□ 柳杰
老子在《道德经》中说道:“治大国,若烹小鲜。”治理大国当如烹饪小鱼,需小心谨慎,火候不宜过大,翻动不宜频繁。写文章亦是如此,遣词造句需精心布局,如同烹饪时对火候、食材的把控。贾岛的“月下推敲”,王安石的“数改成诗”,都印证此点。为政之道,为文之道,与烹饪之法,皆需用心雕琢,别无二致。
民以食为天,是自古以来最为朴素的真理。食中有善道。古之圣贤借烹饪之道,悟出治国的智慧,将五味调和,升华为理政学问;文人墨客寄身烟火,以饱腹才情烹饪诗文,温煮世情。苏轼在《猪肉颂》中写道:“净洗铛,少着水,柴头灶烟焰不起。待他自熟莫催他,火候足时他自美。”《宋史·苏轼列传》中说他“与田父野老,相从溪山间”,大约此类烹饪之法都是从田野父老处学来的。这不仅是对烹饪技巧的描述,更蕴含着其对生活的豁达态度,袁枚的《随园食单》崇尚“物性为上辨美恶,适口为珍何必贵。”如此看来,二人可谓是息息相通了。
下笔写文,字词句段,靠作者的心思和手法,搭配组合出传世美文;下厨做饭,柴米油盐,借助灶火的淬炼,化作一道道美味佳肴。其间都有自在韵律,笔下的信手拈来,实则千锤百炼,小火慢炖,才能让滋味丝丝入扣。司马迁以宫刑之身,耗时13年,以血泪著写《史记》,终成史家之绝唱;曹雪芹一梦红楼,用尽余生将贾府繁华,慢慢铺陈。文有诗词歌赋相通,肴有川鲁粤苏之别,看似毫无瓜葛,却是命运相连,作文、烹饪,恰如两条平行的艺术线,映照交织、彼此守望。
对品质的追求,在作文和烹饪两件事里都是灵魂。曹植的七步成诗,才情似火山喷发,急促间迸发的诗文,如同街边的猛火小炒,最是诱人;3.7亿字的《永乐大典》,又好似顶级卤味,久经岁月熬煮,沉淀了醇厚的历史底蕴。汪曾祺笔下的《人间草木》,将地方特色美食的细腻和朴素描绘得如痴如醉,他在做干烧桂鱼时,对鱼鳞的焦脆、鱼肉的嫩滑,拿捏得十分到位;蔡澜写美食散文,求真不求贵,下厨做海鲜汤,只用鲜活虾仁,不加味精,要的就是食物的原汁原味。于他们而言,作文和烹饪,都是怀着匠心对待生活的馈赠,不敷衍、不讲究,每一篇文章、每一道菜品都有属于自己独特品质的铮铮傲骨。

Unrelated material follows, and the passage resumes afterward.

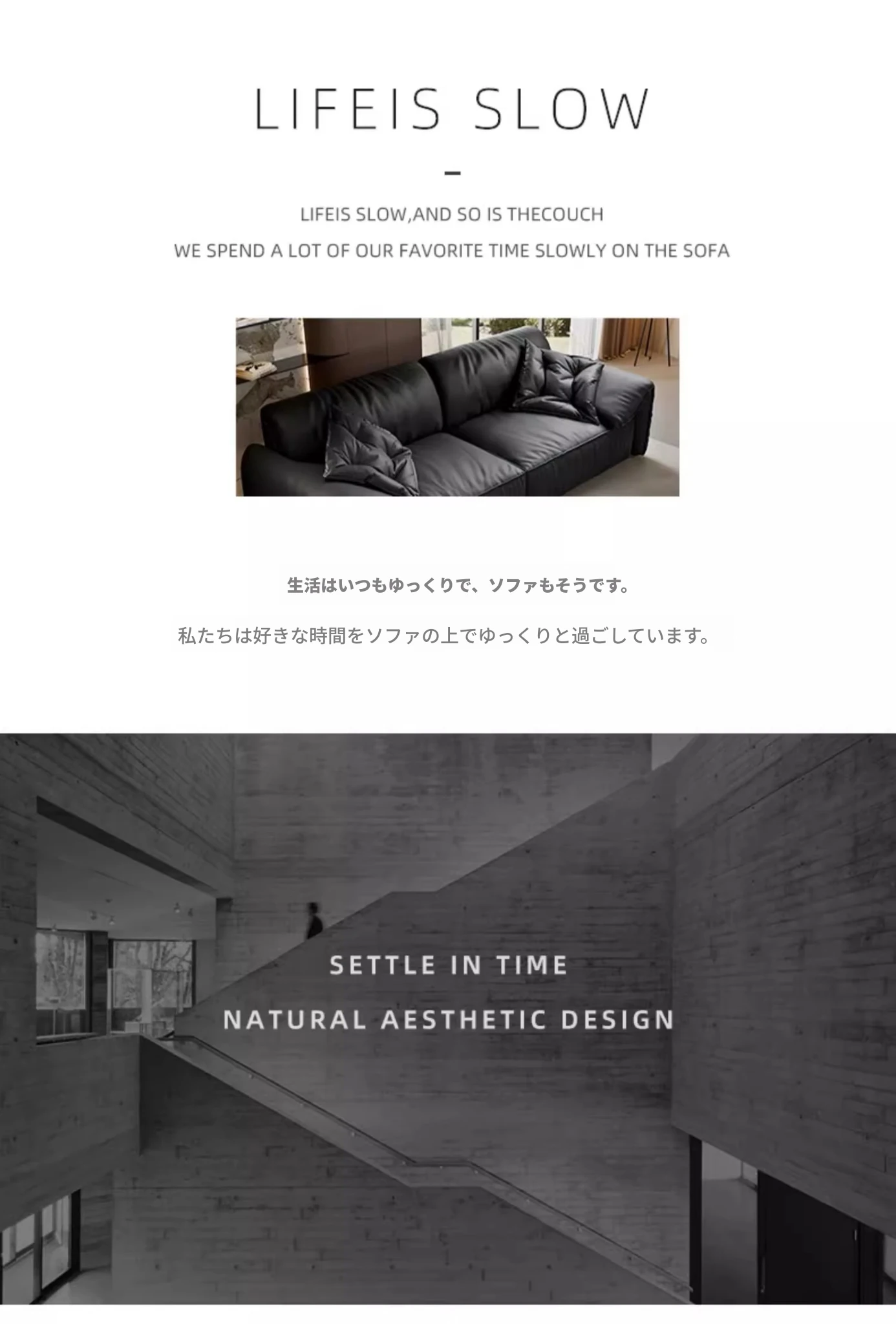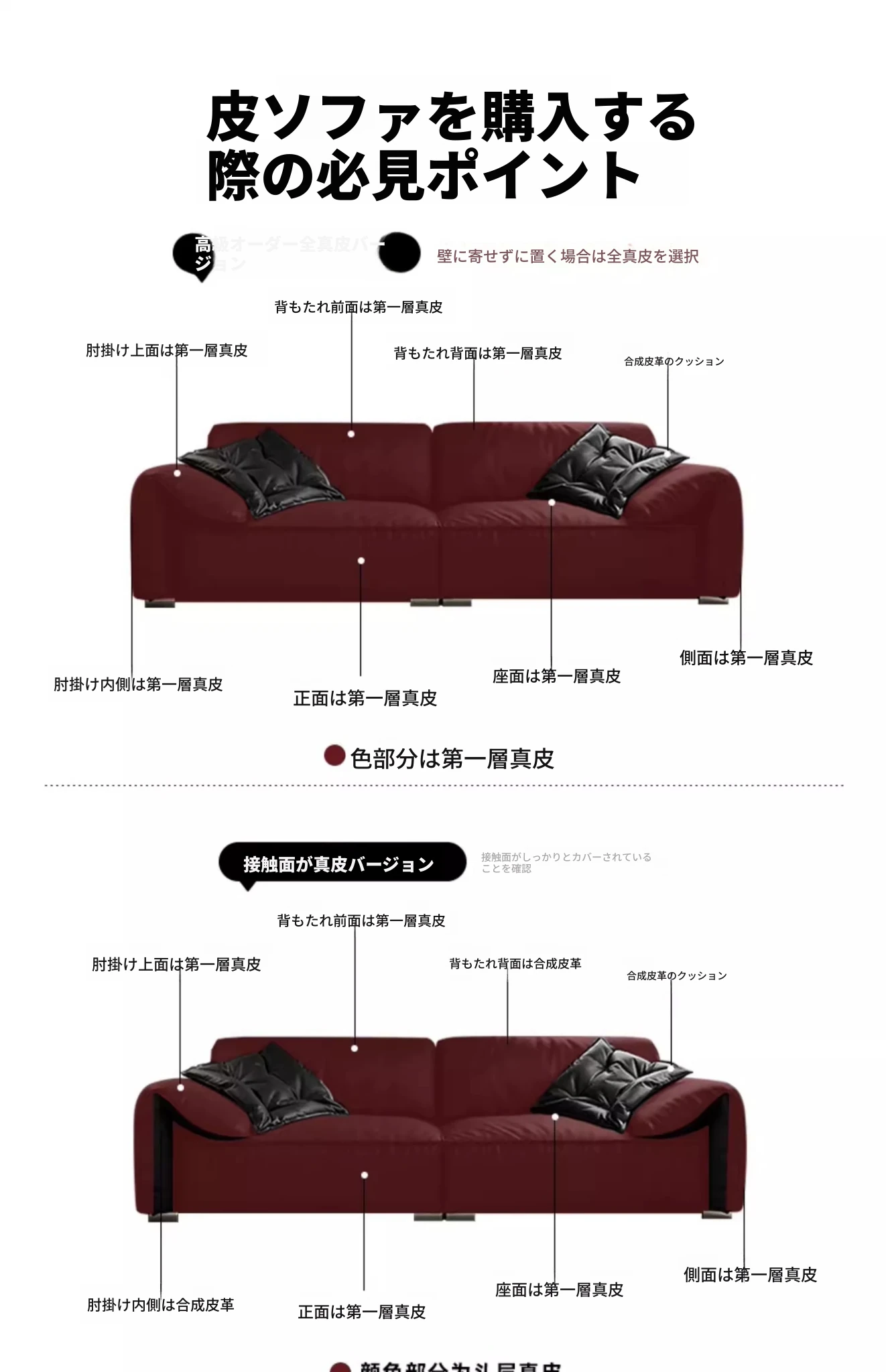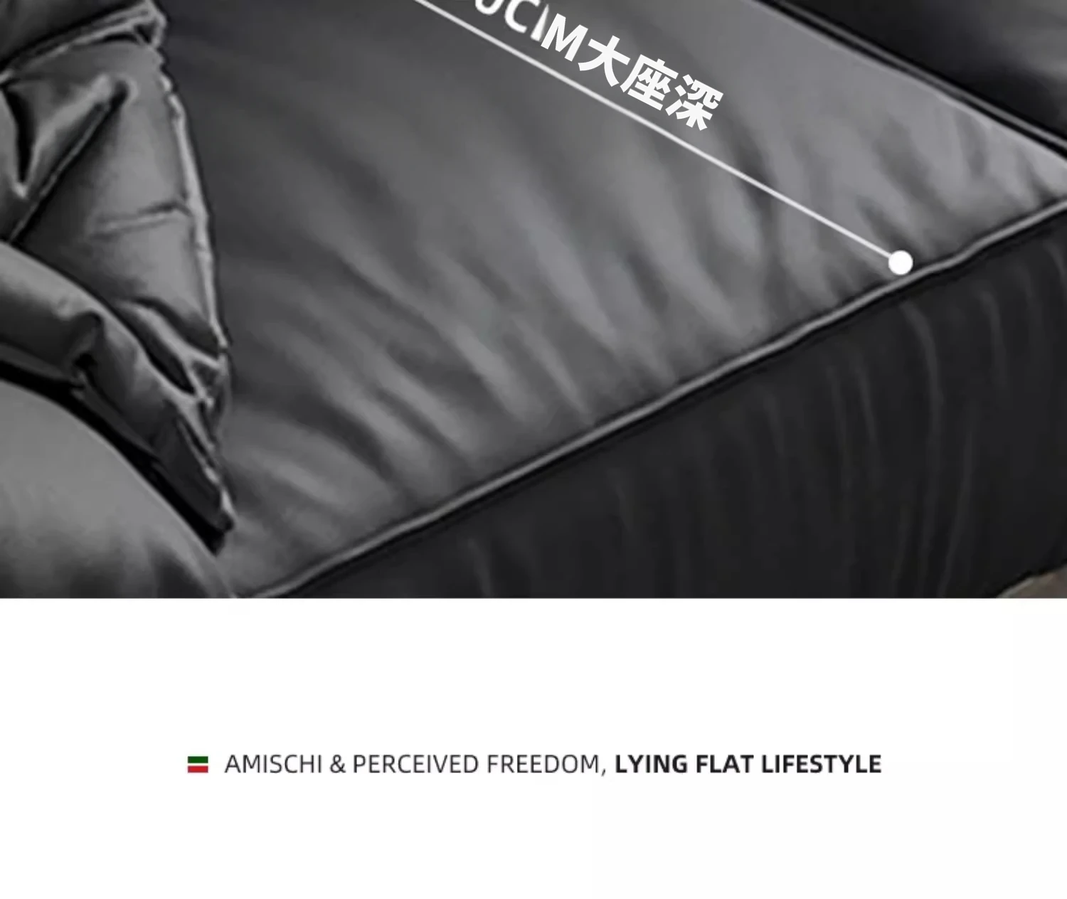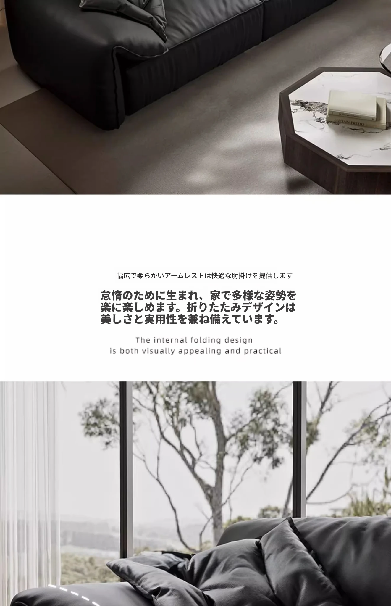 本革製イタリアンミニマリストヴィラ用リビングルーム向け、半アニリン仕上げのブラックダウン・エレファントイヤー本革ストレートソファ。洗練されたデザインで、贅沢な居心地を実現!

文无定式,菜系纷繁,不断变化正是作文与烹饪的魅力所在。文坛上,豪放派的苏轼,写尽山川,文字汪洋恣肆;婉约派的李清照,纸短情长,笔触细腻温婉。厨房里,川菜麻辣鲜香、湘菜酸辣可口、粤菜清淡鲜美、鲁菜浓郁醇厚,各领风骚。不同流派的作者、不同菜系的厨师,依照自己的经历、天赋和审美,打破常规、融合重组,给生活献上风格各异的精神与物质盛宴。
如今,生活节奏快,快餐文化和流量写作铺天盖地。短视频和碎片化阅读占据了我们大部分的时间,诸如网络文学作品,部部巨作,字数动辄百万、千万。一些作品为了快速吸引眼球、抢占市场,情节设定荒诞,人物塑造浅薄,语言表达粗糙,宛如赶制的清汤白水面,一口即饱,肚中却无滋味。好的文章,亦如烹饪,从选料到制作,每一步都倾注了作者的心血和智慧,锅气之上的文字蒸腾着对生活的热爱和对美好的追求,其中味道是要细细品鉴的。
《左传·昭公二十年》中记载,晏子以和羹喻君臣和谐,言道:“烹饪时要用水火、醯醢、盐梅等来烹鱼肉,厨师调和五味,不足的加一点,过分的减一点,才能做出美味的羹汤,让君子食之以平其心。”君臣相和应如此,生活之处世之道亦然。喧嚣散去,浮躁平息,于静谧之隅,取好书细读,着好料烹制美味,方寸之间,瞧得见暧暧远人村,依依墟里烟。